We developed a potential cytosine-phosphate-guanosine oligodeoxynucleotide (CpG ODN) delivery system based on magnetic mesoporous silica (MMS) nanoparticles by binding of CpG ODN onto aminated MMS (MMS-NH2) nanoparticles to form CpG/MMS-NH2 complexes for toll-like receptor 9 (TLR9)-mediated induction of cytokines. Magnetization, serum stability, in vitro cytotoxicity, cellular uptake, and interleukin-6 (IL-6) induction of CpG/MMS-NH2 complexes were evaluated.

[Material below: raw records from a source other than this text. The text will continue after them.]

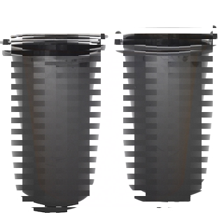 Met dubbele maatverdeling in liters en gallons, 5mm hengsel en extra versterkte bodem, uit polyethyleen. Geschikt voor levensmiddelen.
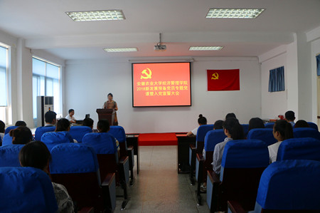 本网讯 在中国共产党成立97周年来临之际,为了帮助新发展预备党员尽快明确身份,坚定共产主义理想信念,牢固树立党员意识,6月29日,经济管理学院在经管楼321召开新发展预备党员专题党课暨入党宣誓大会。学院党委书记王伟、副书记倪健、学生党支部书记以及新发展的60名党员参加大会。
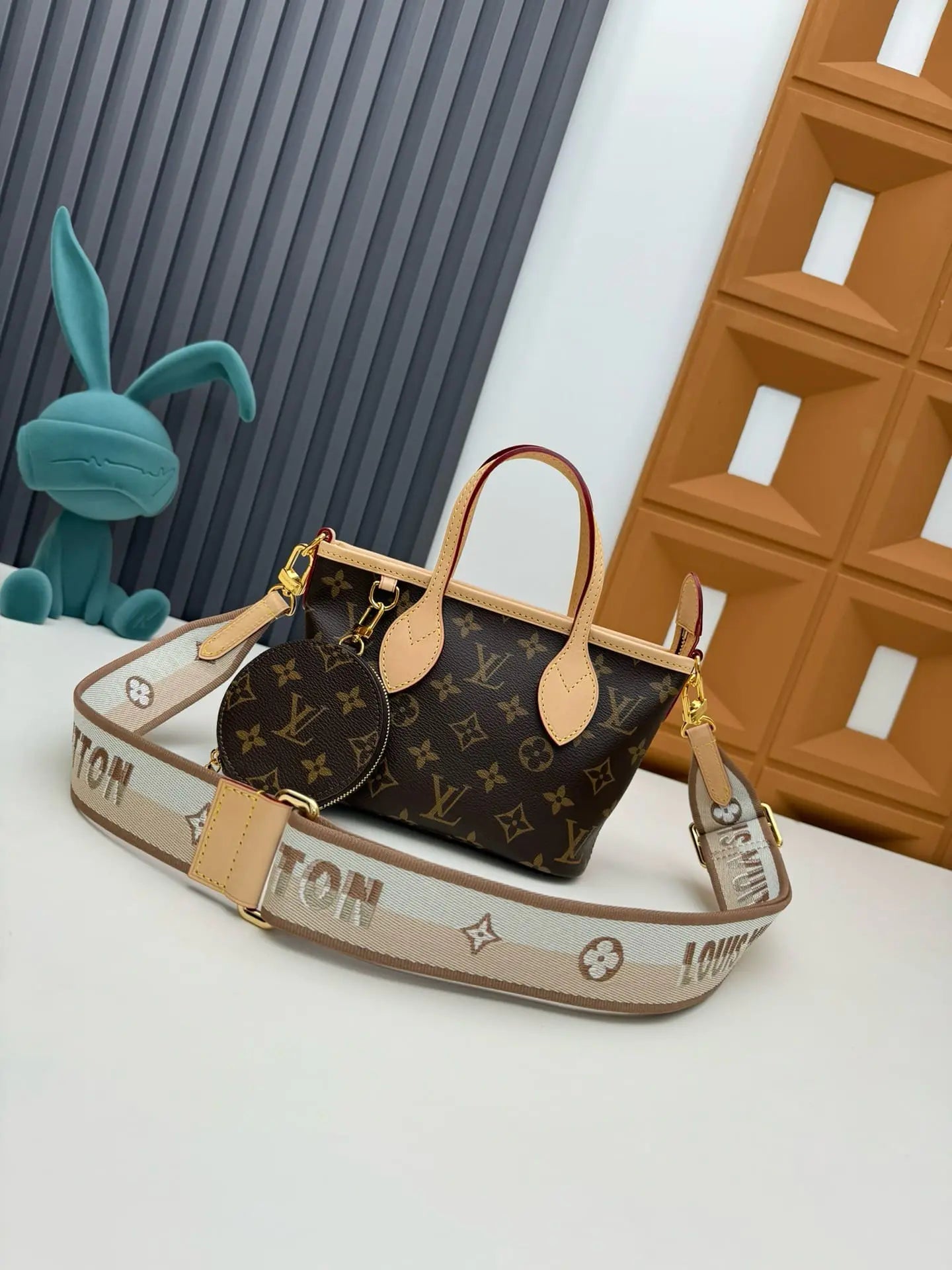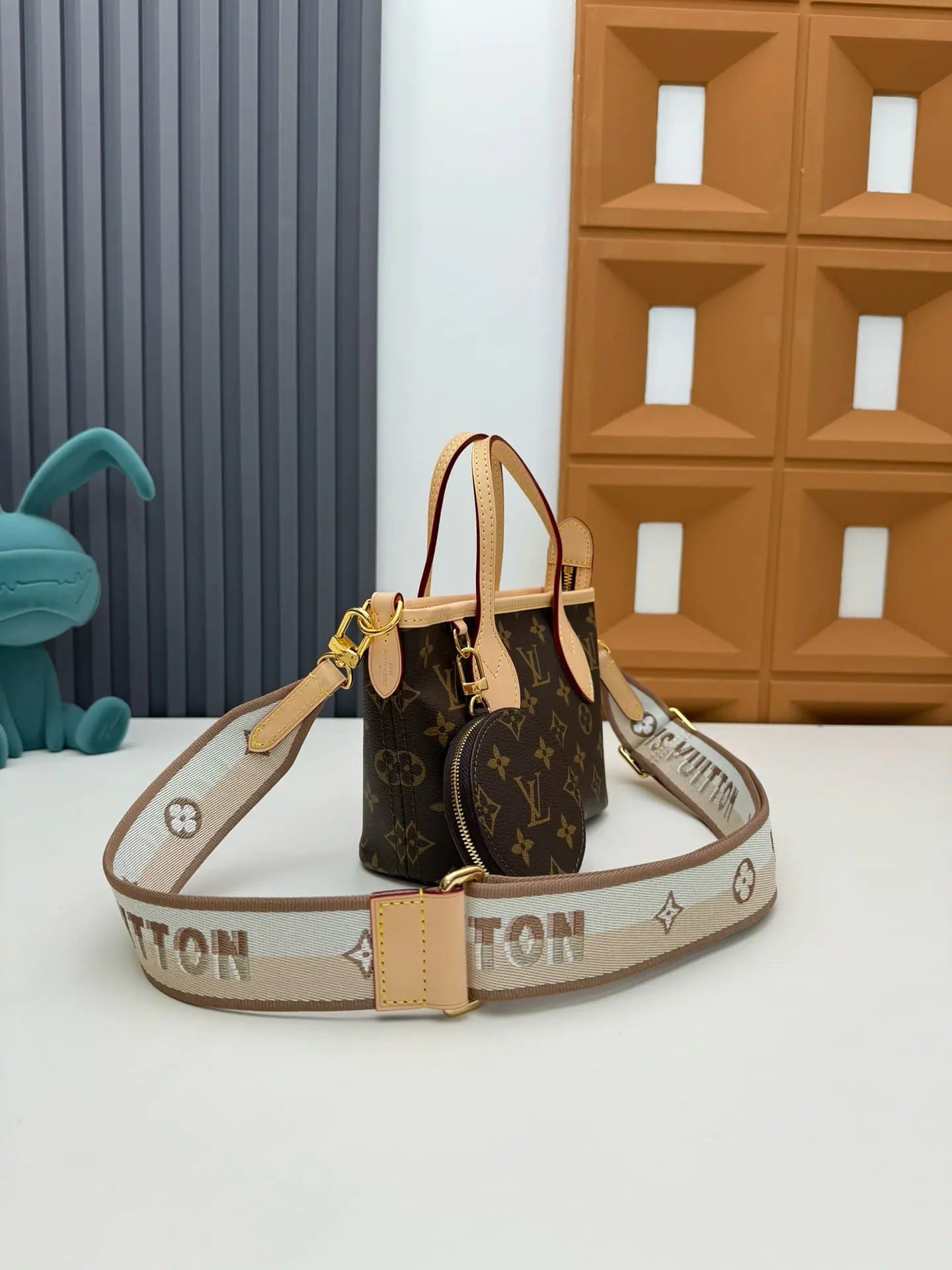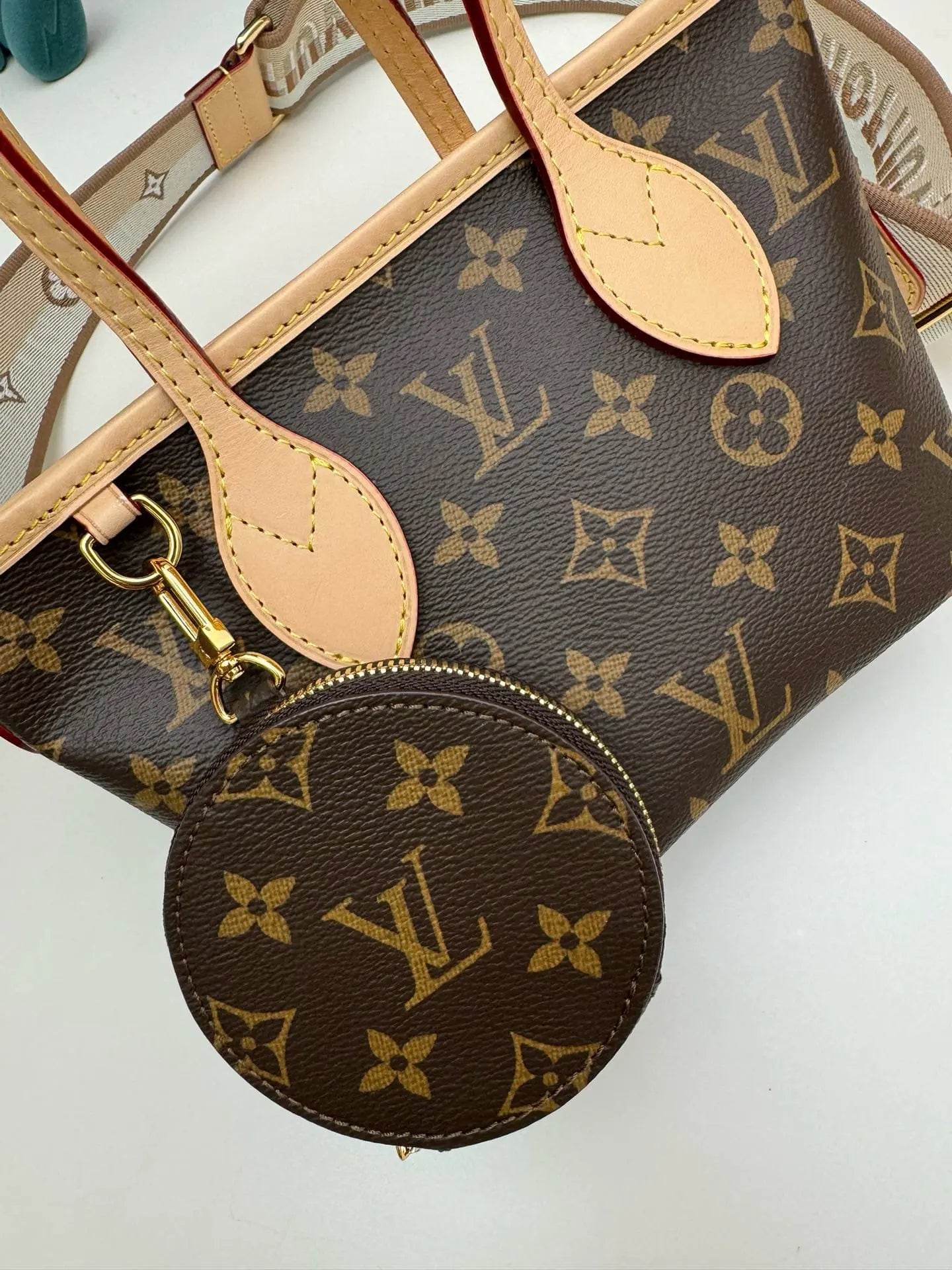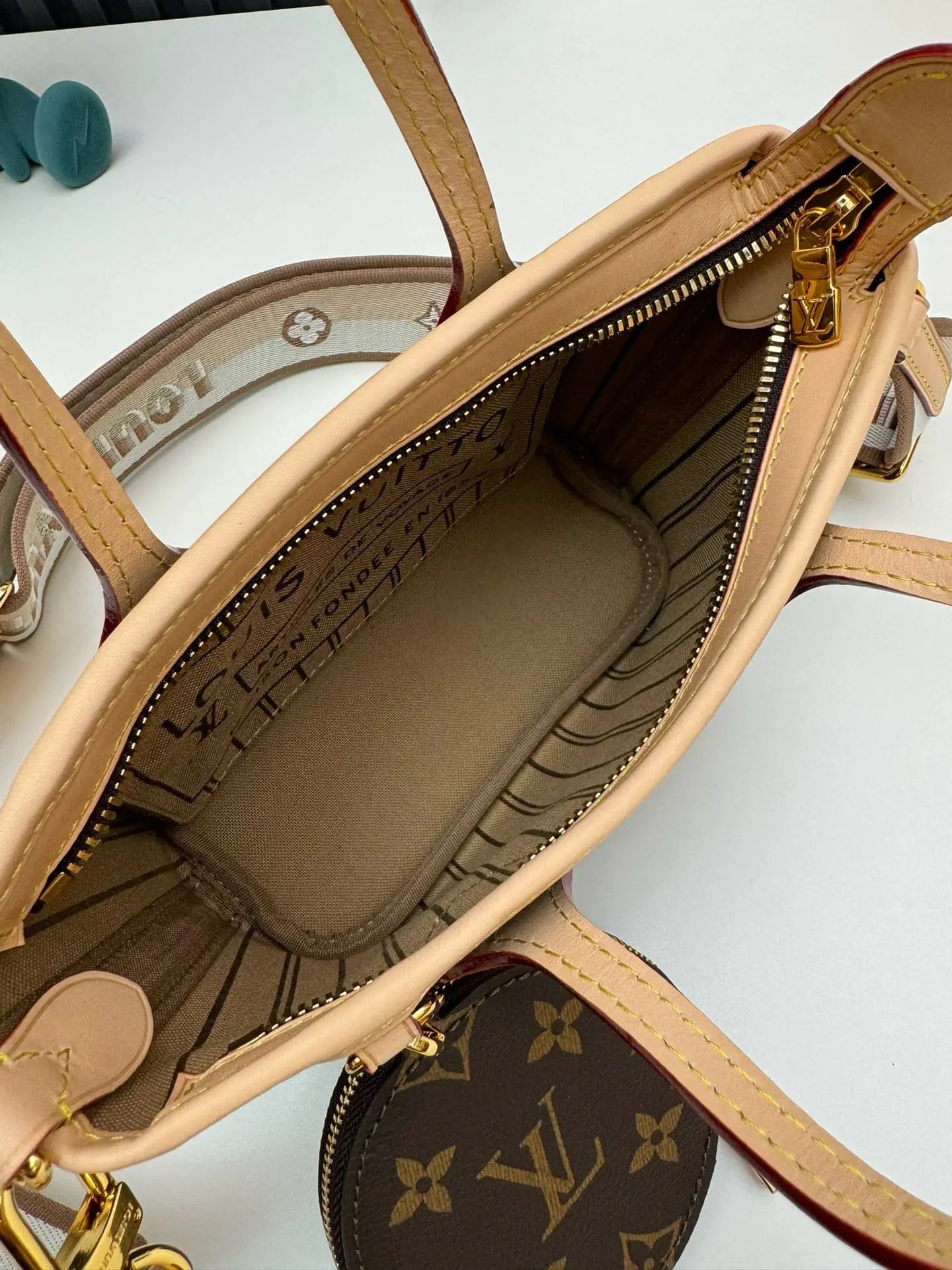 今シーズン、メゾンの永遠の人気アイテム「ネヴァーフル」がミニトートバッグとして生まれ変わります。「ネヴァーフル BB」ハンドバッグです。このミニバージョンは、調節・取り外し可能なテキスタイルストラップと、Dリングに取り付けられた遊び心のあるコインケースが特徴です。スマートフォンやコンパクトな財布など、ちょっとした必需品を収納するのにちょうど良いサイズです。

The results showed that MMS nanoparticles exhibited superparamagnetic behavior with a saturation magnetization of 6.5 emu g(-1). Also, MMS-NH2 nanoparticles had no cytotoxicity to Raw 264.7 cells, and CpG/MMS-NH2 complexes enhanced the serum stability of CpG ODN and could be localized in the endolysosomes after endocytosis by cells. Importantly, CpG/MMS-NH2 complexes significantly enhanced the TLR9-mediated IL-6 induction compared to free CpG ODN. Therefore, CpG/MMS-NH2 complexes could exhibit magnetic targeted delivery and significantly enhance the TLR9-mediated cytokine induction for stimulating immune responses.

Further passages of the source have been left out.